** What the exercise asks **
All lines below starting at the one that holds "Decyzja ta zapadła" and ending at the one that holds "High ceilings throughout" should be printed exactly, ends included. Pictures should not be printed, nor anything else.

** Records for the exercise **
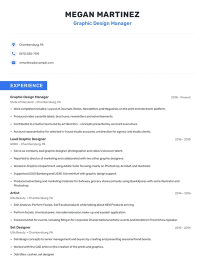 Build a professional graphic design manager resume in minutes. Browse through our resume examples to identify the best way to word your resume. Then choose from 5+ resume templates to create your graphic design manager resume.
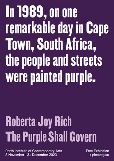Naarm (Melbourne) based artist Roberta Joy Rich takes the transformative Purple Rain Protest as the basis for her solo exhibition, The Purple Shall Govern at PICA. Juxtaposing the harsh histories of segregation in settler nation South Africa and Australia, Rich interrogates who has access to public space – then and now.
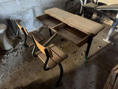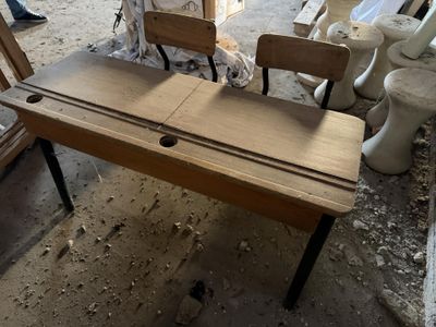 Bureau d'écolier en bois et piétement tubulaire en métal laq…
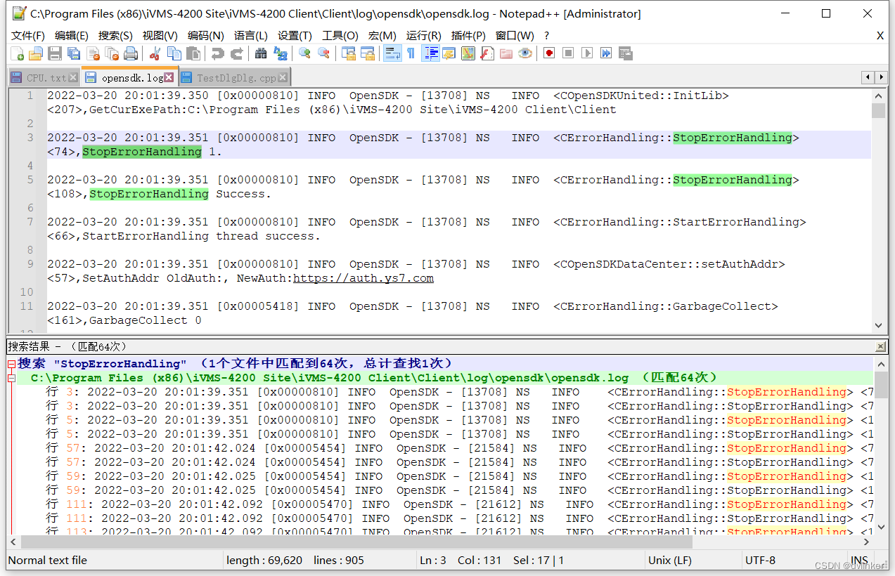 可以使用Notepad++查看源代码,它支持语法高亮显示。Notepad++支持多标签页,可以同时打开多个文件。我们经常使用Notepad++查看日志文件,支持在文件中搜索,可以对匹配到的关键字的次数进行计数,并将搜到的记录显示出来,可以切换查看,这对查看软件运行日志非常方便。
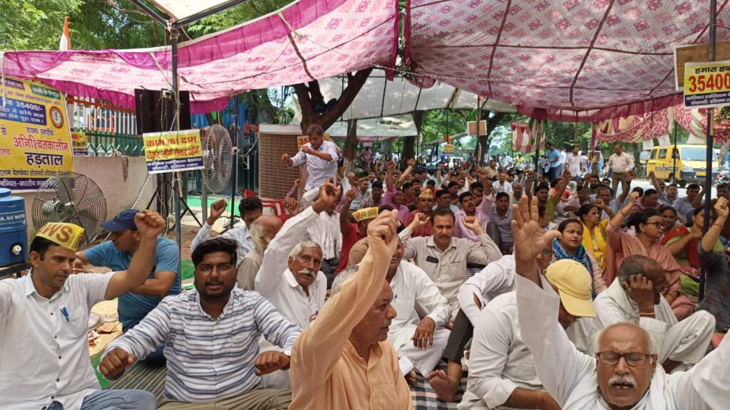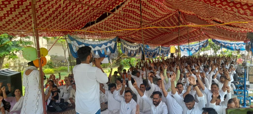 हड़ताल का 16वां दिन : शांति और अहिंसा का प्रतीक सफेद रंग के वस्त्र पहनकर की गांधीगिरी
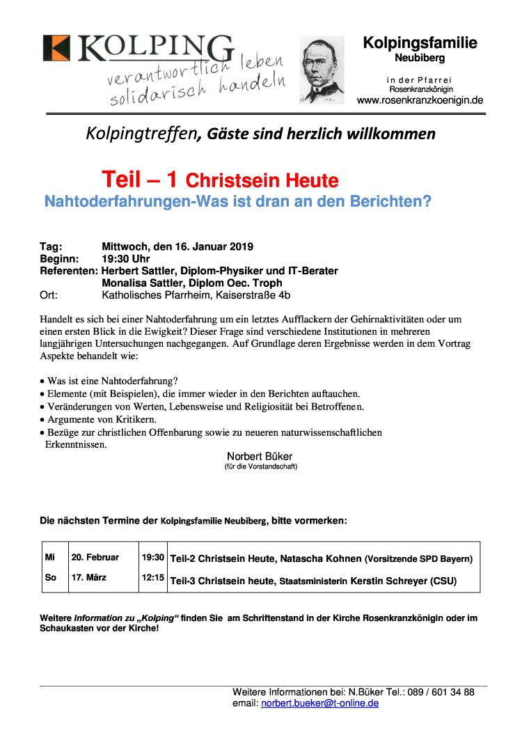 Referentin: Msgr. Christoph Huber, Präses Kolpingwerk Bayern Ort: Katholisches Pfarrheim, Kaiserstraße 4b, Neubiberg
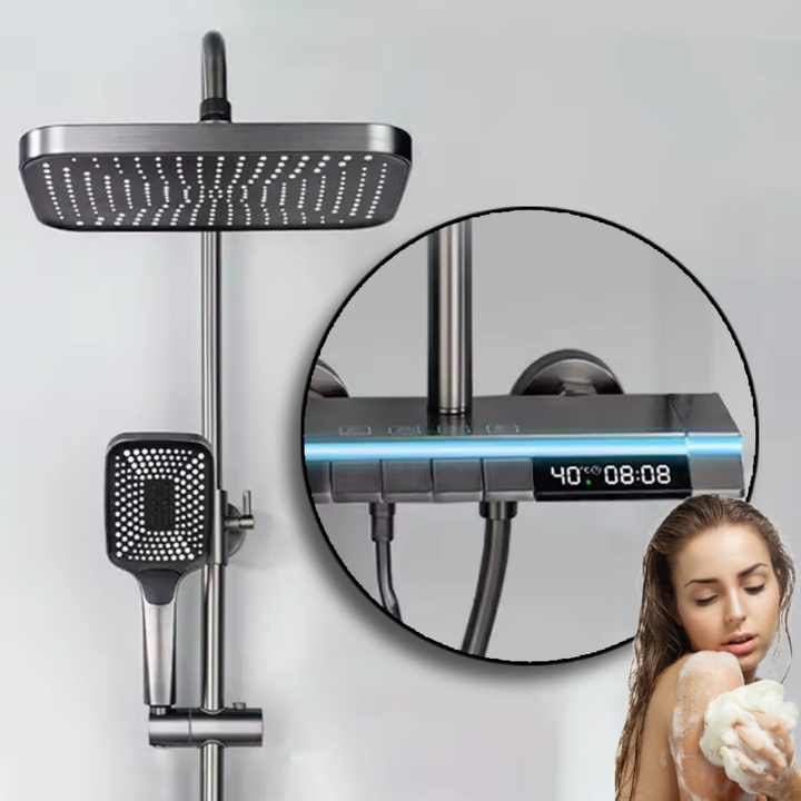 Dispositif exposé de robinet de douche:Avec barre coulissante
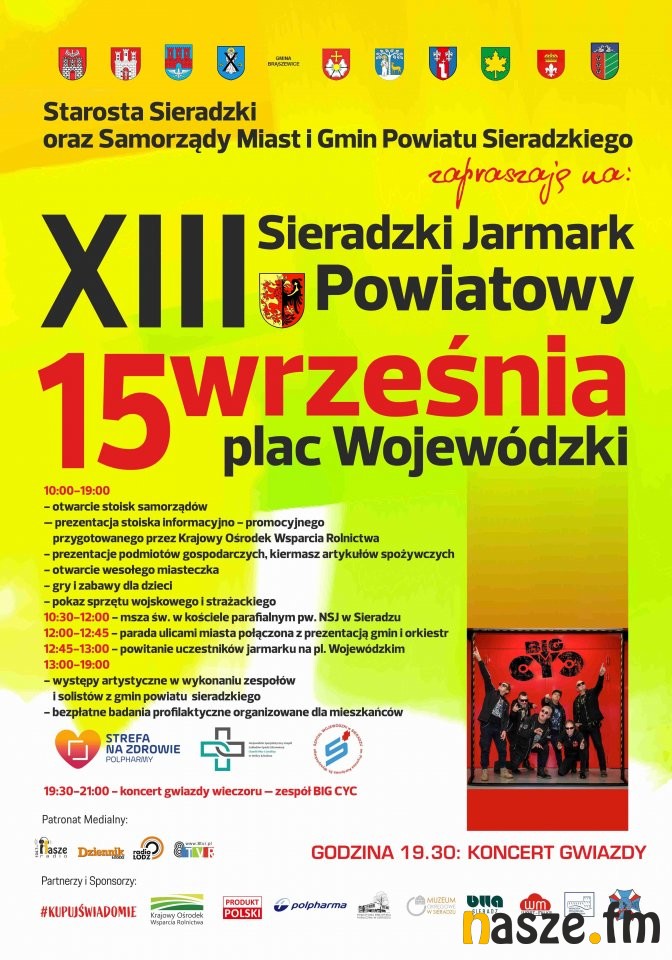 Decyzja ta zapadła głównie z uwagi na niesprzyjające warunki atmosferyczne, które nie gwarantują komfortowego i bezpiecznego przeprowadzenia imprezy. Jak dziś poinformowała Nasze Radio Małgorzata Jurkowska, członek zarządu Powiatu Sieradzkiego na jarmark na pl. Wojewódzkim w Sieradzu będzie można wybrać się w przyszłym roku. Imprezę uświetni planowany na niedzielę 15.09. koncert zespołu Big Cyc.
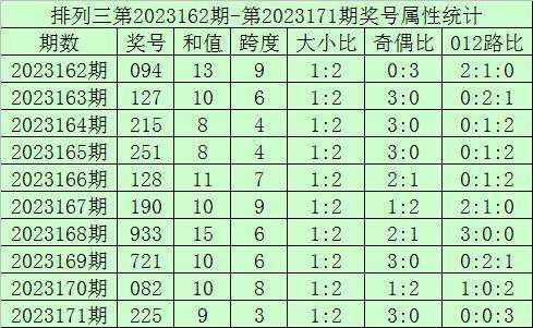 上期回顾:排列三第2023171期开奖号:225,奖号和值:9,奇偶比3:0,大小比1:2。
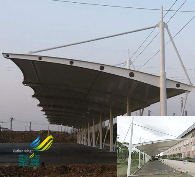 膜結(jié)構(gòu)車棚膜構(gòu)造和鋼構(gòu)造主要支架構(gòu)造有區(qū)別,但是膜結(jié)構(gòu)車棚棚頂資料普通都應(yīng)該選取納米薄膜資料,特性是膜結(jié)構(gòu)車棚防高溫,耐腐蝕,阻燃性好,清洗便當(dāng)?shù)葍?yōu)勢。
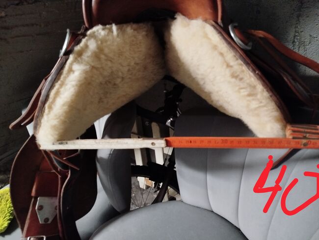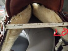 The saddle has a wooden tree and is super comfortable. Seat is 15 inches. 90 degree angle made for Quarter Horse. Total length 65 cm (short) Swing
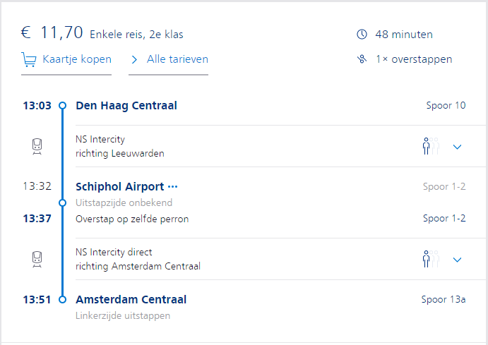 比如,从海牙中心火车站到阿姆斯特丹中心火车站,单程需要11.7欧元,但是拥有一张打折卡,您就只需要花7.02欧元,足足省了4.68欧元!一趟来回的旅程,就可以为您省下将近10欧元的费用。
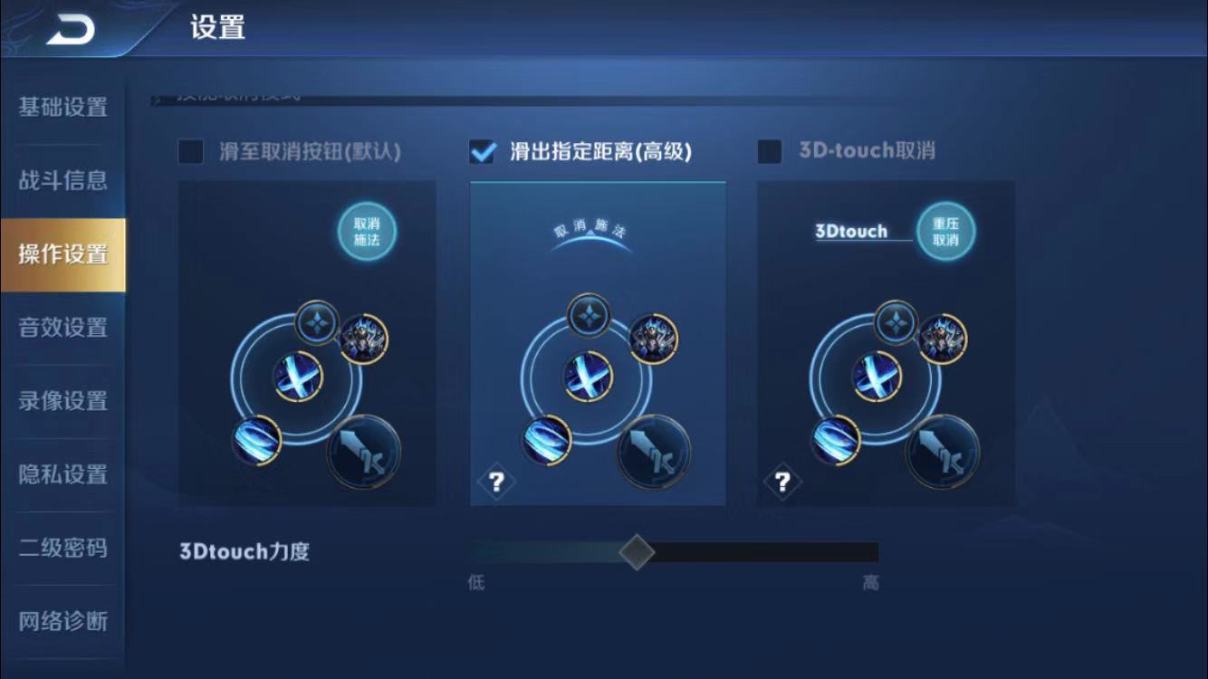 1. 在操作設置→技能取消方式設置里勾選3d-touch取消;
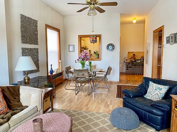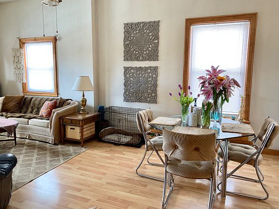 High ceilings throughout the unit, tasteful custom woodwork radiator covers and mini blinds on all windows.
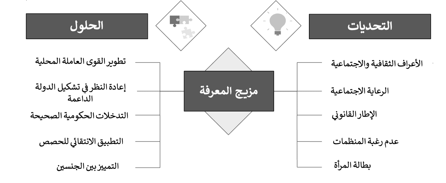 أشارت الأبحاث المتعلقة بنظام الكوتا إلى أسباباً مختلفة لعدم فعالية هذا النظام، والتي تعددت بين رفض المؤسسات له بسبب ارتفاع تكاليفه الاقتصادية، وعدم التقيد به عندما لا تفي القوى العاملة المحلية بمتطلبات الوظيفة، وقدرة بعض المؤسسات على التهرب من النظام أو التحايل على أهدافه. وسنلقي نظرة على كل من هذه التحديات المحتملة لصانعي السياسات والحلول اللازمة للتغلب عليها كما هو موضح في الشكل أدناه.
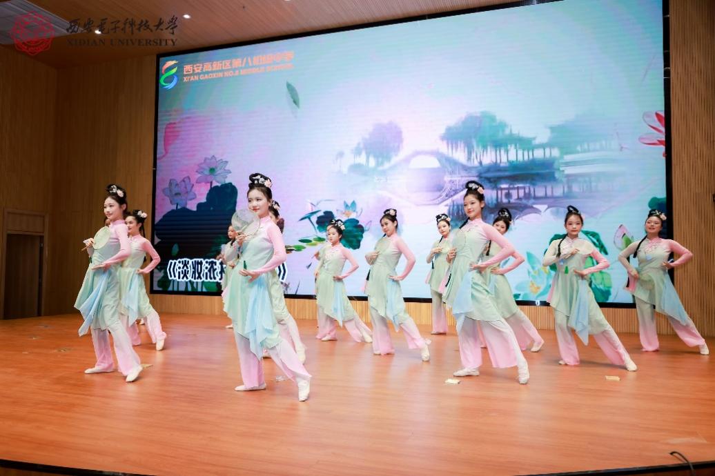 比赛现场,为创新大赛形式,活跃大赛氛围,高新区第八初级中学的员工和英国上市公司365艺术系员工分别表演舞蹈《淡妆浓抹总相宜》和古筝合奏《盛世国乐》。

** Result of the task **
 Decyzja ta zapadła głównie z uwagi na niesprzyjające warunki atmosferyczne, które nie gwarantują komfortowego i bezpiecznego przeprowadzenia imprezy. Jak dziś poinformowała Nasze Radio Małgorzata Jurkowska, członek zarządu Powiatu Sieradzkiego na jarmark na pl. Wojewódzkim w Sieradzu będzie można wybrać się w przyszłym roku. Imprezę uświetni planowany na niedzielę 15.09. koncert zespołu Big Cyc.
 上期回顾:排列三第2023171期开奖号:225,奖号和值:9,奇偶比3:0,大小比1:2。
 膜結(jié)構(gòu)車棚膜構(gòu)造和鋼構(gòu)造主要支架構(gòu)造有區(qū)別,但是膜結(jié)構(gòu)車棚棚頂資料普通都應(yīng)該選取納米薄膜資料,特性是膜結(jié)構(gòu)車棚防高溫,耐腐蝕,阻燃性好,清洗便當(dāng)?shù)葍?yōu)勢。
 The saddle has a wooden tree and is super comfortable. Seat is 15 inches. 90 degree angle made for Quarter Horse. Total length 65 cm (short) Swing
 比如,从海牙中心火车站到阿姆斯特丹中心火车站,单程需要11.7欧元,但是拥有一张打折卡,您就只需要花7.02欧元,足足省了4.68欧元!一趟来回的旅程,就可以为您省下将近10欧元的费用。
 1. 在操作設置→技能取消方式設置里勾選3d-touch取消;
 High ceilings throughout the unit, tasteful custom woodwork radiator covers and mini blinds on all windows.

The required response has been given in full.